Neither male nor female.
A San Diegan is now the third person in the country to be legally identified as non-binary.
"I am now recognized as Arata Tiffany Furuya and that my gender non-binary," said Furuya, better known as A.T.
They are celebrating a victory as they strut down Hillcrest. Furuya accomplished something today only two others in the nation have.
They legally changed their gender, now identifying as neither male or female.
"I'm not like half man, half woman. I just don't have a gender i"Identity," they said.
Born a girl, Furuya said their mom never enforced female behavior on them. It wasn't until college they learned what they could identify as.
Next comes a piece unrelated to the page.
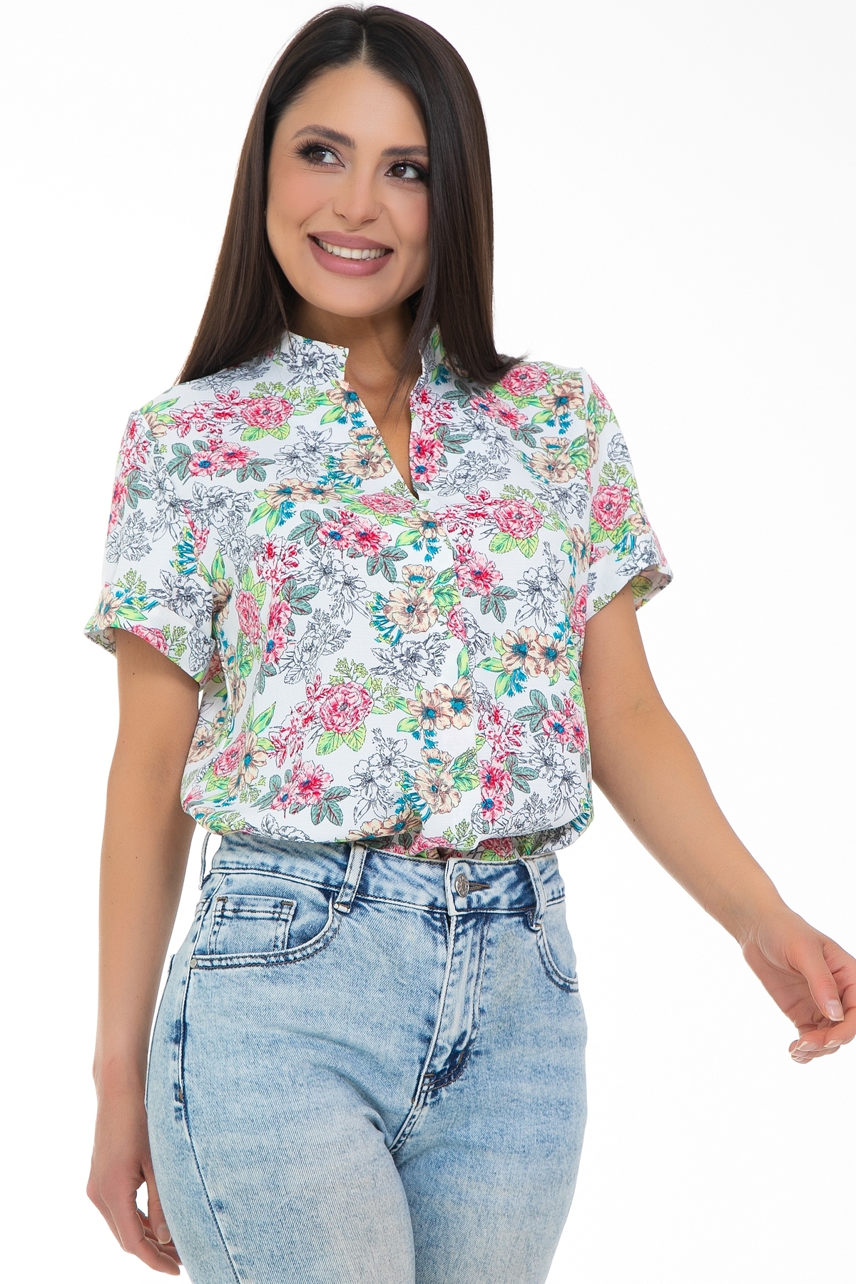 Блузка  продуманного и универсального фасона, идеально подходящего под любой низ. Блуза летних расцветок, идеально впишется в любой гардероб: для создания , повседневного или праздничного. Можно носить как с классическими брюками и юбками, так и с джинсами или под сарафан. Прекрасно смотрится как в заправленном состоянии, так и на выпуск. Благодаря вискозной ткани блузка обеспечивает идеальный  комфорт в летний зной, не мнется и обладает износостойкостью, Ткань легкая и не просвечивает,  рукав короткий  с отворотом.

"I started more internally navigating and exploring what my gender identity is."
Explaining their identity had been a struggle up until now.
"How am I going to be read? How are people going to police my gender?"
Furuya said they decided recently to make their identity legal.
"I'm gonna try for this and I'm gonna keep trying until I get it," they said.
Today, a judge granted Furuya recognition.
"It's not just a piece of paper. It has a lot of power behind it."
Their next step, they said, is "starting to move forward with my driver's license, my social security card."
With hopes of paving the way for others.
"Seems like we have an opportunity to have our identities acknowledged."
Last month SB 179 was introduced. If passed, it would streamline the process for Californians, such as A.T., to change their legal gender to non-binary.